I want a new bike, a Play station, a train, some G. I. Joe's, a dog, a
drum kit, a pony and a tuba.

Love, Francis

Dear Francis,

Who names their kid "Francis" nowadays? I bet you're gay, I'll set you
up with a Barbie.

Dear Santa,

I left milk and cookies for you under the tree, and I left carrots for
or your reindeer outside the back door.

Love, Susan

Dear Susan,

Milk gives me the runs and carrots make the deer fart in my face when
riding in the sleigh. You want to do me a favor? Leave me a bottle of

Dear Santa,

What do you do the other 364 days of the year? Are you busy making toys?

Your friend, Thomas

Dear Thomas,

All the toys are made in China. I have a condo in Vegas, where I spend
most of my time making low-budget porno films. I unwind by drinking
my self silly and squeezing the asses of cocktail waitresses while
losing money at the craps table. Hey, you wanted to know.

Dear Santa,

Do you see us when we're sleeping, do you really know when we're awake,
like in the song?

Love, Jessica

Dear Jessica,

Are you really that gullible or are you just a blonde? Good luck in
whatever you do. I'm skipping your house.

Dear Santa,

I really really want a puppy this year. Please please please PLEASE
PLEASE could I have one?



That whiney begging shit may work with your folks, but that crap doesn't
work with me.
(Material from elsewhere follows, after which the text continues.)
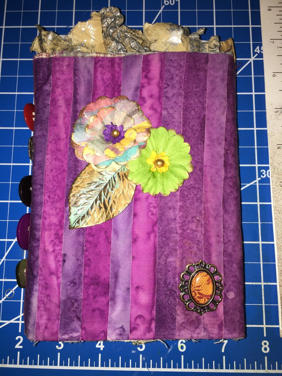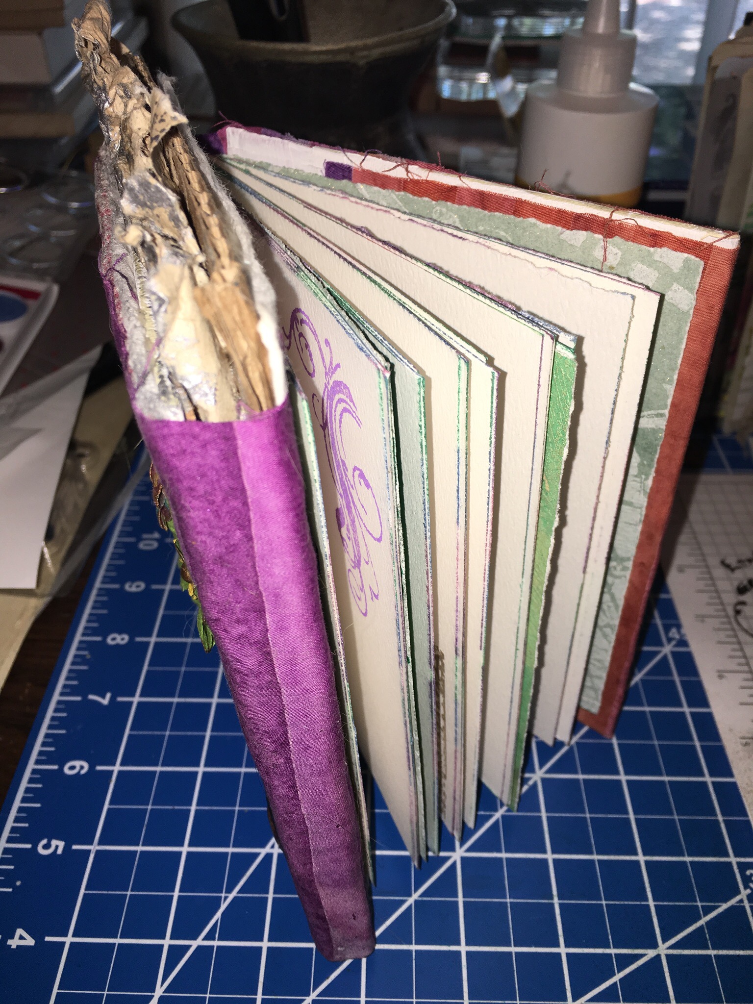 The passport I used came from an Israeli woman. I bought the thing on eBay. Because of its origin, the passport read backward from the way we do in English. That gave some additional character to this project. I inserted recycled pages, found objects, tea dyed pieces, tags, tea bags, old postcards, stamped paper, painted paper, fabric, and a host of other objects into this now bulging passport. Somewhere along the line I started calling the book “Erna” after the original owner of the passport. I often wonder what she would think of the way her passport looks now, and of the technology I’m using to share this artwork with others.

You're getting a sweater again.

Dearest Santa,

We don't have a chimney in our house, how do you get into our home?

Love, Marky


First, stop calling yourself "Marky", that's why you're getting your ass
whipped at school. Second, you don't live in a house, you live in a
low-rent apartment complex. Third, I get inside your pad just like the
boogeyman does, through your bedroom window. Sweet dreams!